Data section: Begin
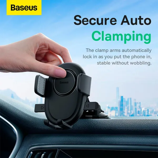 Крепление телефона очень простое. Просто поместите телефон между рычагами, надавив на него, и держатель Baseus затянется. Сильное сжатие удержит ваше устройство, не позволяя ему отсоединиться или выпасть, что может привести к повреждению.
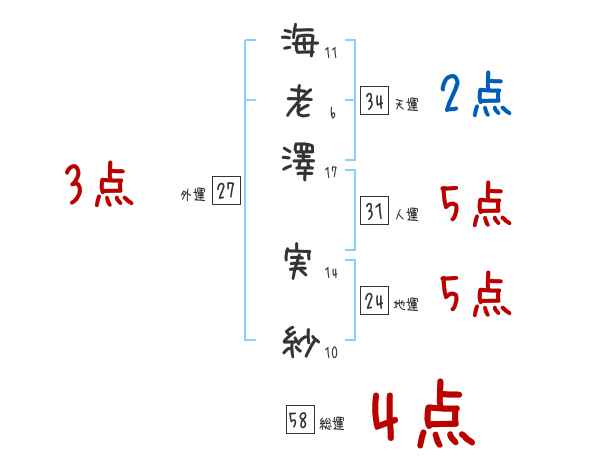 天運![]() | 海老澤実紗さんの天運は34画の2つ星!独創性に優れるが、自尊心が強く災難に注意しましょう。 家系が持つ宿命的な運勢を表します。祖先から受け継いだ苗字ですので自分の力が及びません。家柄を象徴します。 |
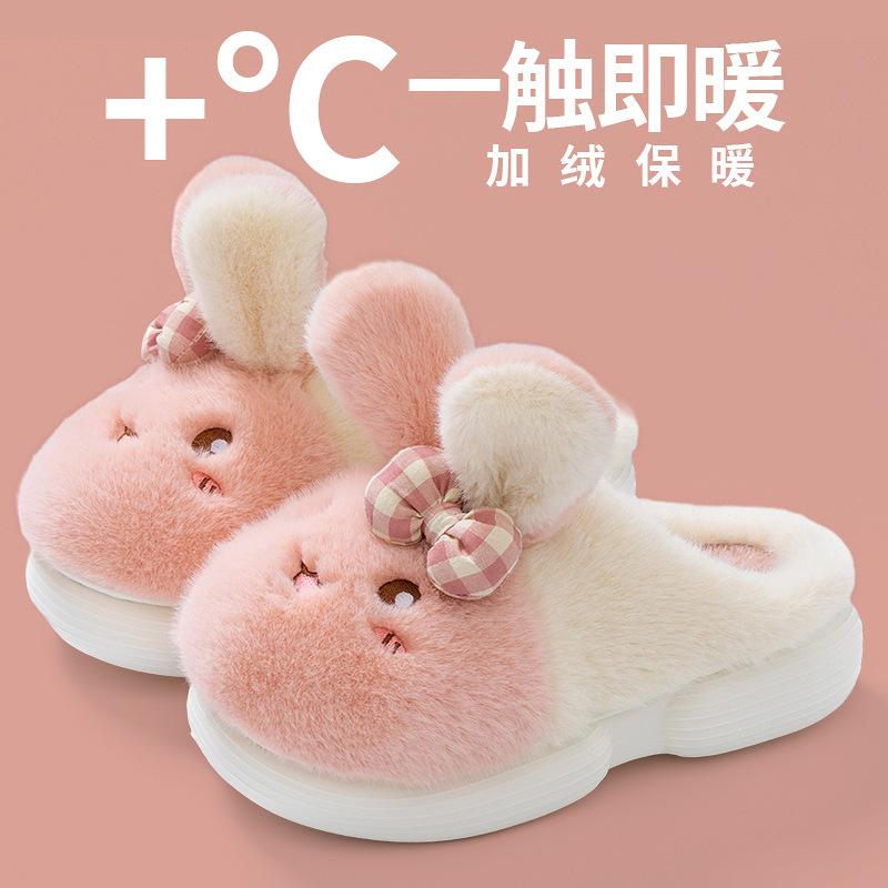 Cartoon Rabbit Cotton Slippers Winter Non-slip Wear-resistant Soft Bottom Indoor Home Velvet Thermal Cotton Slippers
Data section: End
Without the pictures, retype the whole of the material above exactly.

 Крепление телефона очень простое. Просто поместите телефон между рычагами, надавив на него, и держатель Baseus затянется. Сильное сжатие удержит ваше устройство, не позволяя ему отсоединиться или выпасть, что может привести к повреждению.
 天運![]() | 海老澤実紗さんの天運は34画の2つ星!独創性に優れるが、自尊心が強く災難に注意しましょう。 家系が持つ宿命的な運勢を表します。祖先から受け継いだ苗字ですので自分の力が及びません。家柄を象徴します。 |
 Cartoon Rabbit Cotton Slippers Winter Non-slip Wear-resistant Soft Bottom Indoor Home Velvet Thermal Cotton Slippers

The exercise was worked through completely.